The ongoing tragedy with Rudd is that his ability could never remotely be in doubt. He knows more about foreign policy than anyone on either side of the Australian parliament. But these strange quirks seem to get in the way. Rudd's performance in Israel overall was impressive, but there were times when he seemed to strain just that bit too much to connect with the audience.
At the speech at the King David Hotel, for example, he remarked: "From the 1930s, this hotel became the British field headquarters for what was then British Palestine, until Menachem Begin undertook some interior redesign." Rudd was referring to the incident in which Israeli independence activists blew up the hotel.

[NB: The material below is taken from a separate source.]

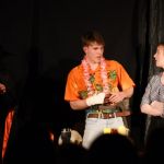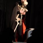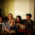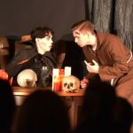 Das eigentliche Stück, der „Untergang des Grafen Dracu“ von Andreas Kroll, war eingebettet in diverse selbstgeschriebene Szenen, die eine Familie bei ihrem Fernsehabend zeigte. Dabei wurde schnell klar, dass Geschmack und Ansichten der vier Familienmitglieder nicht immer übereinstimmten. Emotionale Ausbrüche Daniels (Max Schindele) zum vermeintlichen oder tatsächlichen Tod verschiedener Figuren wurden gekontert vom Gepoltere des nüchternen und stets pragmatisch denkenden Großvaters (Marc Wingenfeld), da halfen auch die Vermittlungsbemühungen der Frau des Hauses (Anna-Sophie Menninger) über fundierte Informationen zu Eichendorff, dem Zustand der Welt oder anderen bedenkenswerten Inhalten nichts. Eine ökologische Komponente durch Hans-Peter (Moritz Kreße) durfte natürlich auch nicht fehlen, sei es nun in Form von verdauungsförderndem Tee oder einer automatischen Abschaltung des Stroms aus Sparsamkeitsgründen. Die Handlung um Graf Dracu (Felix Kordes) selbst nahm im Laufe der Szenen zunehmend an Fahrt auf: Die Anstrengungen des Grafen und seines einfach gestrickten, aber sehr charismatischen Dieners Igor (Timm Neumayer), seinen drohenden Bankrott durch eine Öffnung des Schlosses für Hochzeitsgesellschaften zu verhindern, führten zwar zu steigenden Einnahmen, aber zunehmend auch zu größeren oder kleineren Katastrophen, die nicht selten im Burggraben oder der Schubkarre endeten, sehr zum Ärger der geisterhaften Ur-Ahnin Elisabeth (Laura Müller). Das Stück endete schließlich gleich dreimal, der Graf musste zuerst schmelzen, weil Irene und Herbert, das heiratswillige Paar (Marie Wagner und Jonas Mayr), für strahlend helles Licht gesorgt hatte. Da das aber bei Daniel völlige Verzweiflung auslöste, wurde ein neuer Schluss gespielt, hier durfte der Graf Heilung und mit Herbert einen neuen Partner finden. Für den Großvater war das nun wieder viel zu kitschig, für ihn musste also noch ein realistischer Schluss her, in dem der Graf, eigentlich Patient in einer psychiatrischen Klinik, nach einem epileptischen Anfall liebevoll von seiner Ärztin (Anna Honold) und dem Pfleger Igor versorgt wurde. Untermalt wurde die gesamte Aufführung von Christian Röck am Klavier, für das richtige Licht sorgten Elia Albrecht, Lars Friedrich und Florian Renz.
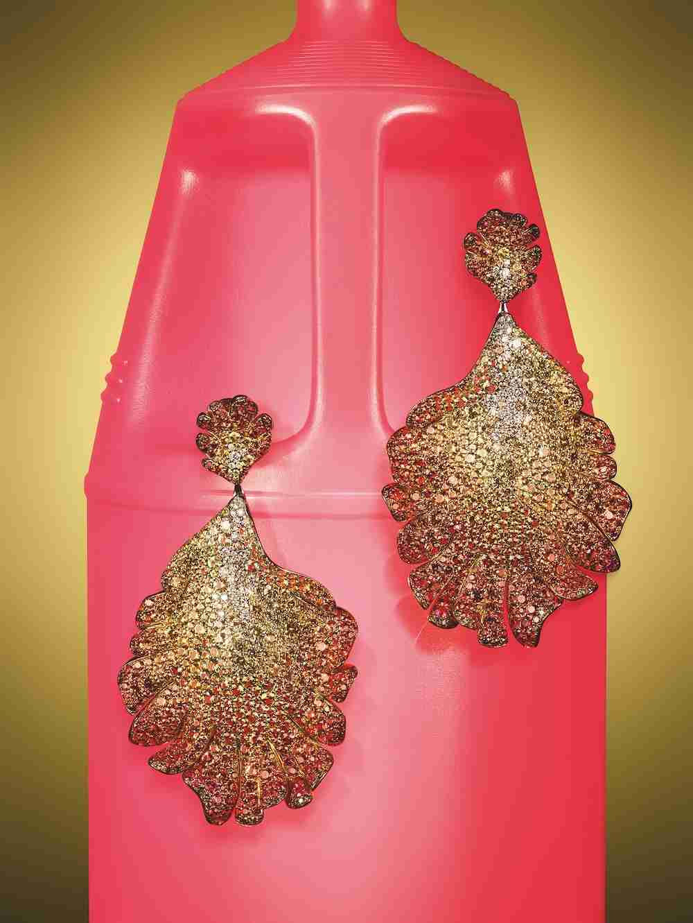 Chopard earrings in 18K white gold and titanium with orange and yellow sapphires and diamonds.

I accept that they were not the equivalent of modern terrorists. But people died in that incident. I don't think such a joke was in good taste, although many in the audience appreciated it.
I remain convinced that Rudd has made a prodigious contribution to Australian foreign policy. His self-confidence on the international stage is a great asset. But he would do well to turn the volume down, stick a bit closer to conventional government positions, be a little less adventurous.
Now everyone in the Australian foreign policy debate is bound to explore whether this demand for IAEA inspections of Israel's nuclear facility is a serious government policy. As for myself, I confess considerable confusion about Rudd's purpose in this episode.